**INFORMATION GIVEN**
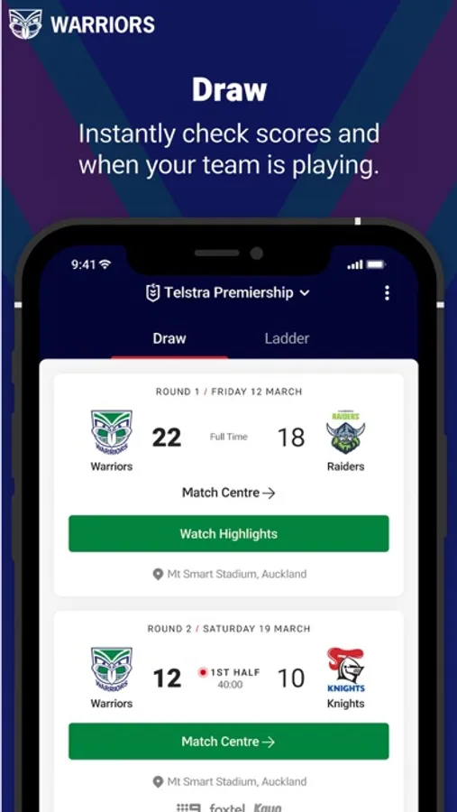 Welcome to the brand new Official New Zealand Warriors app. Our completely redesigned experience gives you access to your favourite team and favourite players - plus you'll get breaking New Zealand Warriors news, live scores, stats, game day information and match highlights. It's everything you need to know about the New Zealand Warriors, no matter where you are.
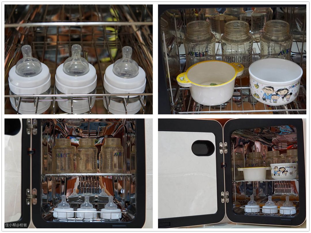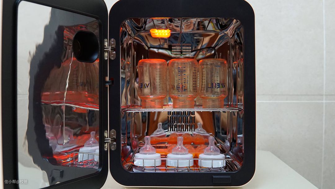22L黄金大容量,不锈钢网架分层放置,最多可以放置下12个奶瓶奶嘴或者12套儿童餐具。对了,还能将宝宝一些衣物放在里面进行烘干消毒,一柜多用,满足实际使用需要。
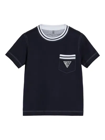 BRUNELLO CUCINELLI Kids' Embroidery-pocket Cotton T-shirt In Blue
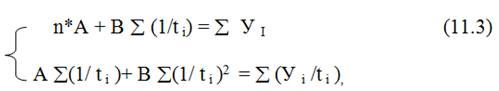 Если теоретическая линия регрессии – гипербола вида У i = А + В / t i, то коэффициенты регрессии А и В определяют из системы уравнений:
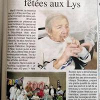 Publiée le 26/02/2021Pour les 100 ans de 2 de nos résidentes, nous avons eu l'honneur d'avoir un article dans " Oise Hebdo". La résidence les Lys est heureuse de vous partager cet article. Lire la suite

**WHAT YOU WILL DO**
Write out exactly the lines that run from the top of the listing above to the line containing "22L黄金大容量,不锈钢网架", both ends included. Omit every picture.

**RESPONSE TO THIS TASK**
 Welcome to the brand new Official New Zealand Warriors app. Our completely redesigned experience gives you access to your favourite team and favourite players - plus you'll get breaking New Zealand Warriors news, live scores, stats, game day information and match highlights. It's everything you need to know about the New Zealand Warriors, no matter where you are.
22L黄金大容量,不锈钢网架分层放置,最多可以放置下12个奶瓶奶嘴或者12套儿童餐具。对了,还能将宝宝一些衣物放在里面进行烘干消毒,一柜多用,满足实际使用需要。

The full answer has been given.